There's no sweeter feeling than choosing to surrender, I think of it as almost spiritual :)
 
Good point, it is semi-consensual. Semi being key here. I can not fully choose to feel...well... "like that" at will. S/he has to somewhat force it, albeit subetly. I can generally choose not to let myself feel open and vulenerable (usually) but I can do the same with air burst frag shell over my head too. (Harder yes)

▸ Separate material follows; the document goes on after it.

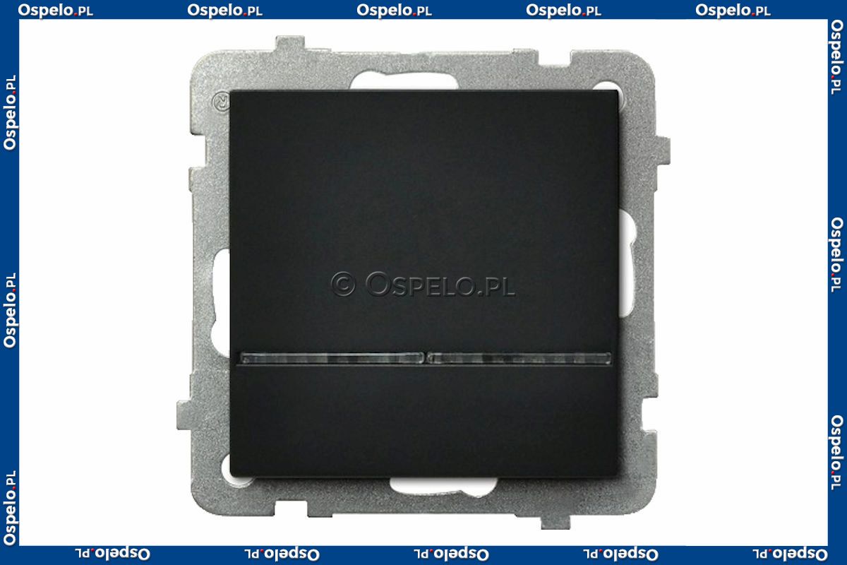 ŁP-1RS/m/33 Łącznik pojedynczy z podświetleniem w kolorze Niebieskim 16A (Szybkozłącza) Czarny Metalik Ospel Sonata - Widok z przodu

Blah, I need to stick to bosons on paper and tanks on the ground, I understands them better.
 
I think you didn't want to to go see her because somewhere deep inside you don't trust her. If you're like me, it's not anything she did. Rather, you have an inherent distrust of ANYONE. I never let my guard down with anyone for any reason because I simply don't trust anyone, for the simple fact that they're human. I'm a closed book to everyone that "knows" me. Ironically, people always come to me with their problems or to ask for advice. I always try to help people, even strangers. But I won't let anyone in.
 
this is a really cool thread, some of what you all have said is the most thought-out and rational approaches to love ive read in a while. what you all are talking about is pure love/without all that jealousy and use/abuse... with love being the breakdown of the barrier that prevents us from being our true selves. Ive experienced this only in brief moments, like one night here and there, yet to have a consistent long term relationship of absolute acceptance of the other person and yourself is nirvana, for the social aspects of oneself at least, and hopefully an attainable nirvana.
thank you all for this thread its beautiful or maybe im just real stoned lol I dont know but either way THANK you Thank you THANK You!!!!!!!!!!!